Slave Interface: eth1
MII Status: up
Speed: 100 Mbps
Duplex: full
Link Failure Count: 0
Permanent HW addr: 00:19:5b:6b:53:22
Slave queue ID: 0





So the bonding mode is, fault tolerance, and the interface eth1 is the active slave behind the bond0 interface.

# ifconfig
bond0     Link encap:Ethernet  HWaddr 00:1C:C0:3E:4B:7E 
          inet addr:192.168.1.33  Bcast:0.0.0.0  Mask:255.255.255.0
          inet6 addr: fe80::21c:c0ff:fe3e:4b7e/64 Scope:Link
          UP BROADCAST RUNNING MASTER MULTICAST  MTU:1500  Metric:1
          RX packets:9758 errors:0 dropped:0 overruns:0 frame:0
          TX packets:7774 errors:0 dropped:0 overruns:0 carrier:0
          collisions:0 txqueuelen:0
          RX bytes:5579137 (5.3 MiB)  TX bytes:2026631 (1.9 MiB)

eth0      Link encap:Ethernet  HWaddr 00:1C:C0:3E:4B:7E 
          UP BROADCAST RUNNING SLAVE MULTICAST  MTU:1500  Metric:1
          RX packets:1320 errors:0 dropped:0 overruns:0 frame:0
          TX packets:23 errors:0 dropped:0 overruns:0 carrier:0
          collisions:0 txqueuelen:1000
          RX bytes:104657 (102.2 KiB)  TX bytes:3815 (3.7 KiB)
          Interrupt:29 Base address:0xe000

eth1      Link encap:Ethernet  HWaddr 00:1C:C0:3E:4B:7E 
          UP BROADCAST RUNNING SLAVE MULTICAST  MTU:1500  Metric:1
          RX packets:8438 errors:0 dropped:0 overruns:0 frame:0
          TX packets:7751 errors:0 dropped:0 overruns:0 carrier:0
          collisions:0 txqueuelen:1000
          RX bytes:5474480 (5.2 MiB)  TX bytes:2022816 (1.9 MiB)
          Interrupt:17 Base address:0x2000

lo        Link encap:Local Loopback 
          inet addr:127.0.0.1  Mask:255.0.0.0
          inet6 addr: ::1/128 Scope:Host
          UP LOOPBACK RUNNING  MTU:16436  Metric:1
          RX packets:210 errors:0 dropped:0 overruns:0 frame:0
          TX packets:210 errors:0 dropped:0 overruns:0 carrier:0
          collisions:0 txqueuelen:0
          RX bytes:23293 (22.7 KiB)  TX bytes:23293 (22.7 KiB)

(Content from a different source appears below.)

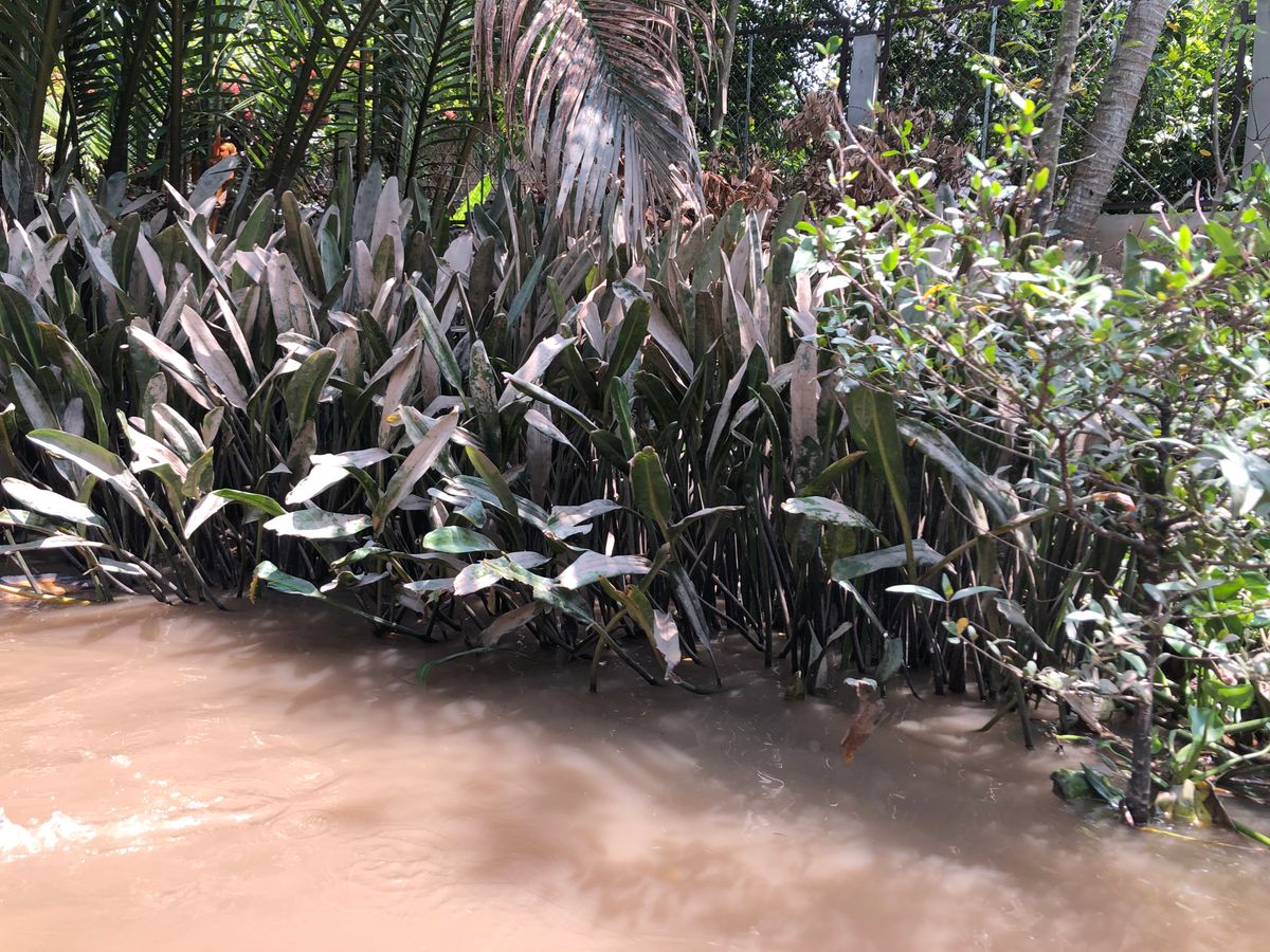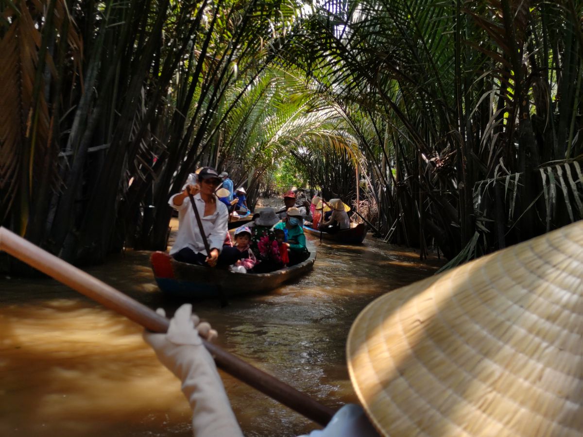 その後に、小さな手漕ぎボートで、メコン川のマングローブのトンネルを通り抜けました。

venet0    Link encap:UNSPEC  HWaddr 00-00-00-00-00-00-00-00-00-00-00-00-00-00-00-00 
          inet6 addr: fe80::1/128 Scope:Link
          UP BROADCAST POINTOPOINT RUNNING NOARP  MTU:1500  Metric:1
          RX packets:660 errors:0 dropped:0 overruns:0 frame:0
          TX packets:834 errors:0 dropped:3 overruns:0 carrier:0
          collisions:0 txqueuelen:0
          RX bytes:88089 (86.0 KiB)  TX bytes:75317 (73.5 KiB)




# route -n
Kernel IP routing table
Destination     Gateway         Genmask         Flags Metric Ref    Use Iface
192.168.2.101   0.0.0.0         255.255.255.255 UH    0      0        0 venet0 192.168.1.0     0.0.0.0         255.255.255.0   U     0      0        0 bond0
0.0.0.0         192.168.1.1     0.0.0.0         UG    0      0        0 bond0


# ip route show
192.168.2.101 dev venet0  scope link 
192.168.1.0/24 dev bond0  proto kernel  scope link  src 192.168.1.33
default via 192.168.1.1 dev bond0








To verify whether the failover bonding works..

  Bring down eth1 and check /proc/net/bonding/bond0 and check the "Current
Active Slave"

    Do a continuous ping to the bond0 ipaddress from a different machine and
bring down the active slave interface, eth1. The ping should not break.